Red Tails: Legacies of the Tuskegee Airmen

Historical Perspectives on Black History—A Public Forum

The  panel  will  discuss  the  complex  history  and  heroism  of  African -American  aviators  and  the  Tuskegee  experience.


  • Nikia Chaney,  Inlandia  Literary  Laureate


  • Sandra Blackman,  Professor  of  History, San  Bernardino  Valley  College
  • Master  SGT.  Buford  A.  Johnson,  Tuskegee  Airman
  • Lt. Colonel  Harlan  Q.  Leonard,  Jr., Tuskegee  Airman

Presented  by  the  Inlandia  Institute,  Riverside  African  American  Historical  Society,  Inc., Black Voice News, Center  for  Social  Justice  &  Civil  Liberties,  Riverside  Community  College  District, and  UC  Riverside  Library  Special  Collections.


African Americans have played a significant role in U.S. military history. In 1941, an all Black aircraft pursuit squadron based in Tuskegee, Alabama was formed. They were known as the Tuskegee Airmen. Officially, they formed the 332nd Fighter Group and the 477th Bombardment Group of the U.S. Army Air Forces.
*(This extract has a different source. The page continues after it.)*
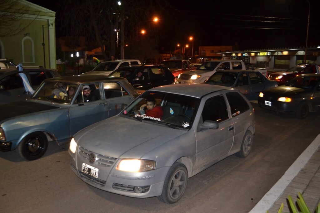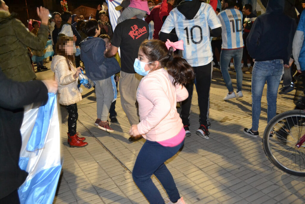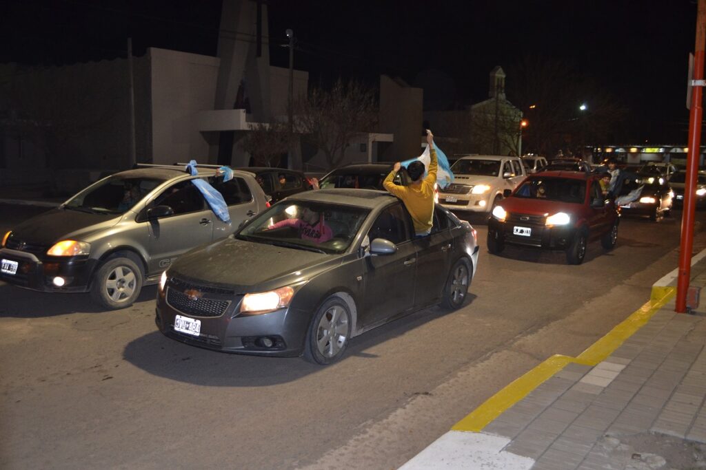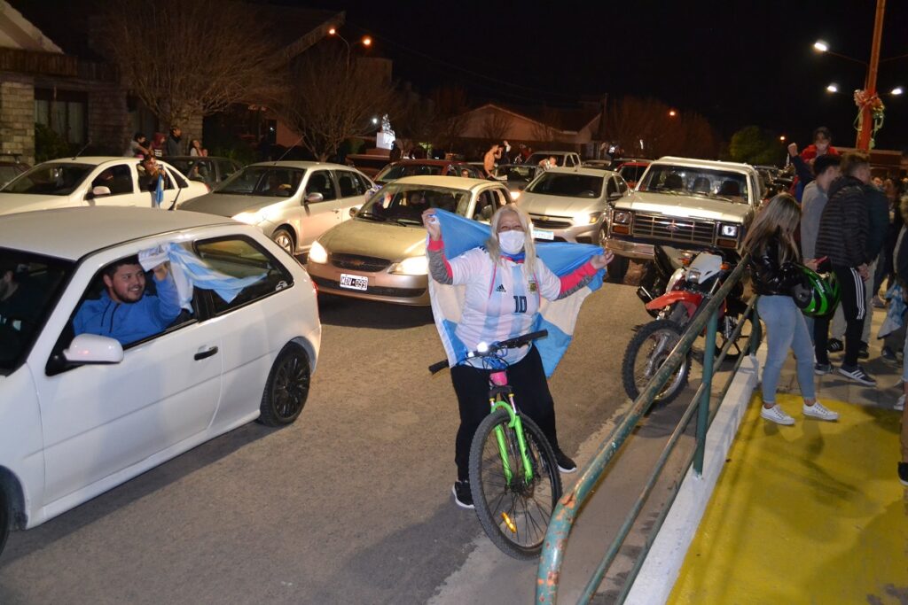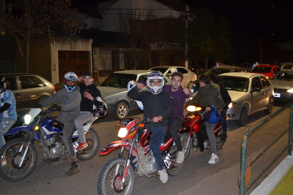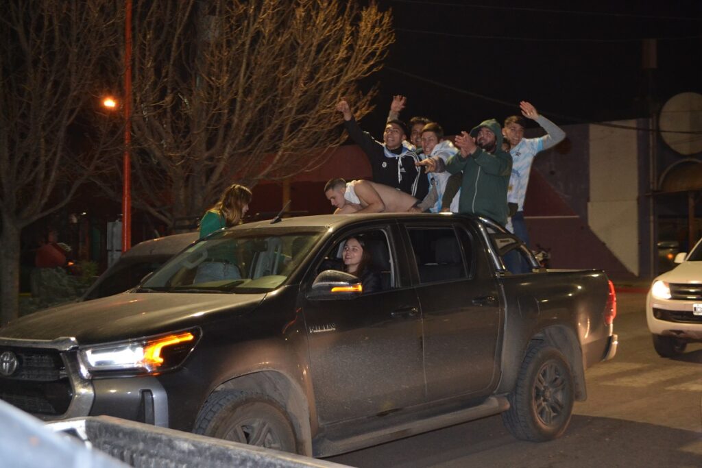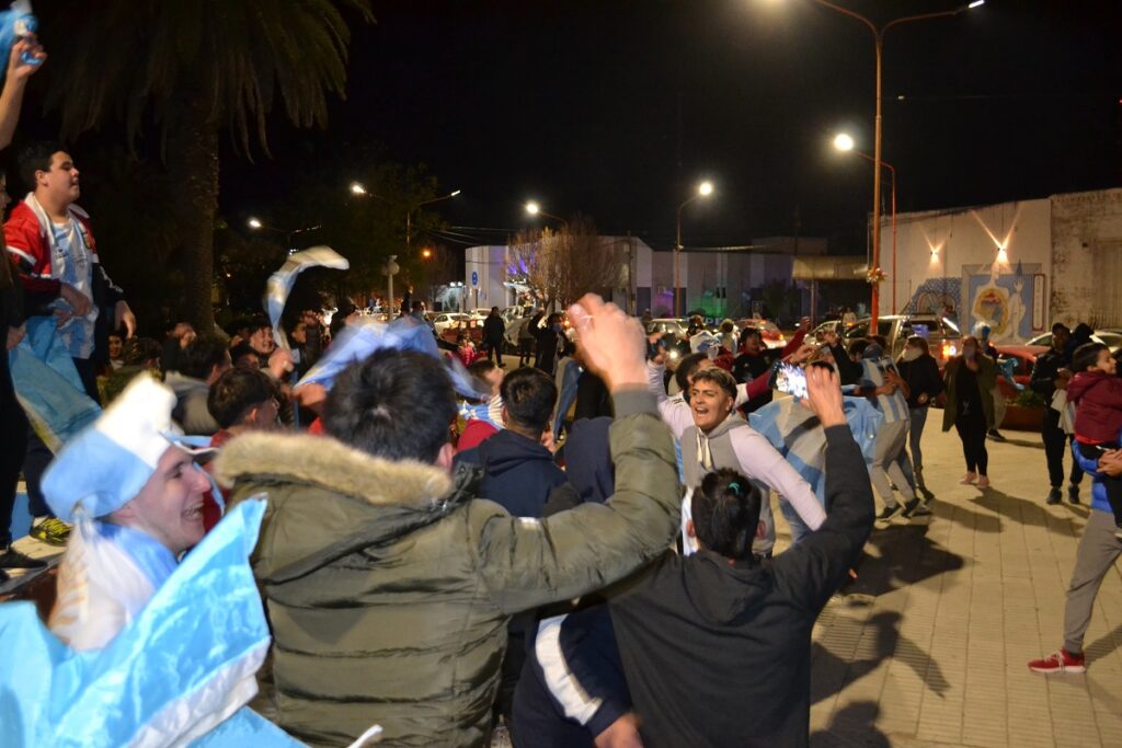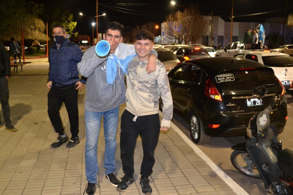 Ni bien terminó el partido cientos de castenses se trasladaron al centro de nuestra ciudad para festejar, algunos en autos, camionetas, motos, bicicletas y otros en la tradicional fuente de la plaza San Martín

Tuskegee Airmen is a title given to the over 14,000 participants who trained or worked in the program. Their ranks included pilots, bombardiers, navigators, doctors, nurses, mechanics, weathermen and parachute riggers. The pilots, also called the Red Tails trained in this unit and served bravely during World War II, and were awarded more than 850 medals during the war.

The Tuskegee airmen were awarded the Congressional Gold Medal in 2007. They have been commemorated in history books, exhibitions, documentary and feature films. We are proud to honor their heroism.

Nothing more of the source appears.